The Court granted the IRS motion for summary judgment since there was no genuine dispute as to any material fact (the standard for granting summary judgment).  No tax proceeds were collected from a taxpayer to grant a whistleblower award, plus the claims and relief sought by the petitioners were not cognizable by the Court.

My main take on the situation was that being disrespectful to the IRS did not garner the Petitioners any favor with the Tax Court.

Some Quick Takes on Summary Judgments

Docket # 14345-16 L, Russell T. Burkhalter v. C.I.R. (Order Here)

Docket # 12320-16SL, Heath Davis v. C.I.R. (Order and Decision Here)

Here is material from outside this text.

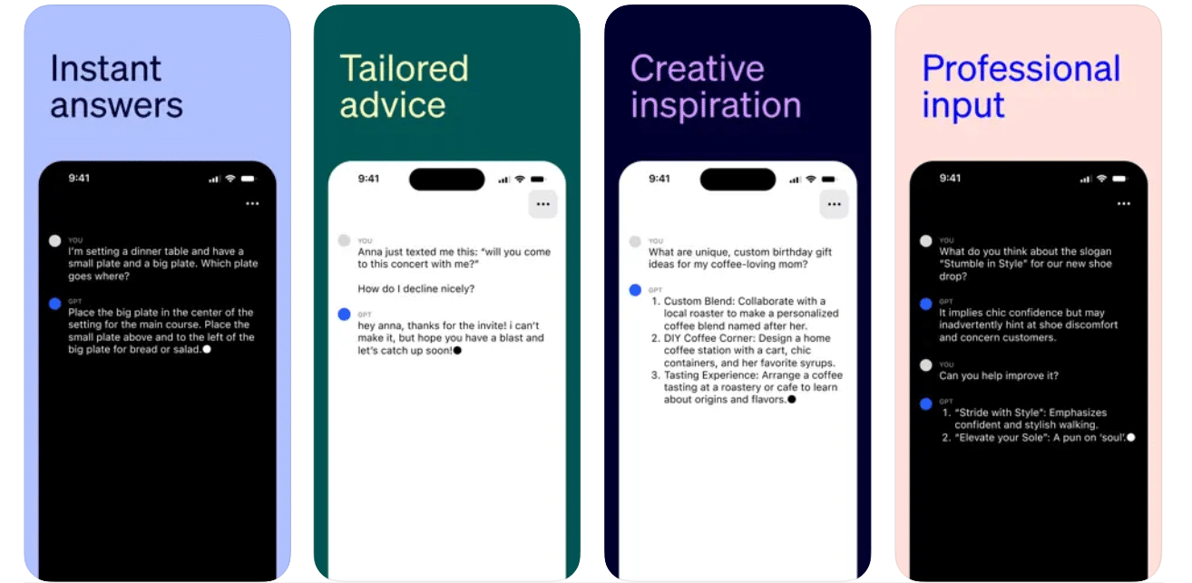 Επιπλέον, οι δυνατότητες αναγνώρισης φωνής επιτρέπουν στους χρήστες να μιλούν τα ερωτήματά τους, αν και οι απαντήσεις παραμένουν σε γραπτή μορφή. Η εφαρμογή προσφέρει επίσης απρόσκοπτη συγχρονισμό συνομιλιών που βασίζονται σε κείμενο σε πολλές συσκευές, επιτρέποντας μια συνεπή εμπειρία χρήστη.

  • In both the Davis and Burkhalter cases, Judge Armen states that to assist petitioners in preparing a response to the IRS motion for summary judgment, the Court encloses with its Order (for petitioner to file a response to the motion) a copy of Q&A’s the Court prepared on the subject “What is a motion for summary judgment?”
  • In Burkhalter, the petitioner did not dispute the underlying tax liability for 2010, 2011 and 2013 when using Form 12153, Request for a Collection Due Process or Equivalent Hearing.  However, petitioner did dispute the liability for those years when filing a petition with the Tax Court.  The Court granted summary judgment for the IRS, citing a regulation that states:  “Where the taxpayer previously received a CDP Notice under section 6320 with respect to the same tax and tax period and did not request a CDP hearing with respect to that earlier CDP Notice, the taxpayer already had an opportunity to dispute the existence or amount of the underlying tax liability.”
  • In Davis, there is a theme of the petitioner citing hardship but not being responsive to IRS requests.  In response to a notice of intent to levy, Mr. Davis said he was going through hardship and had expenses exceeding income when filing his own Form 12153.  The settlement officer requested Mr. Davis fill out a Form 433-A financial statement and show proof of estimated tax payments.  On Mr. Davis’s 433-A, he showed income of $2,100 with greater expenses while the settlement officer calculated income of $2,994 with expenses of $2,473, leaving $521 to potentially pay the IRS each month.  Mr. Davis was unresponsive to later requests.  Based on a Notice of Determination, Mr. Davis petitioned the Tax Court.  In the petition and amended petition, Mr. Davis requested payment arrangements, potentially of $50 monthly.  The Court granted summary judgment to the IRS based on Mr. Davis’s nonresponsiveness, citing that it is the obligation of the taxpayer and not the reviewing officer to propose collection alternatives.  My take on the situation is that while those conclusions may be procedurally correct, it sounds like Mr. Davis needed some form of assistance and then both parties would have had a better result.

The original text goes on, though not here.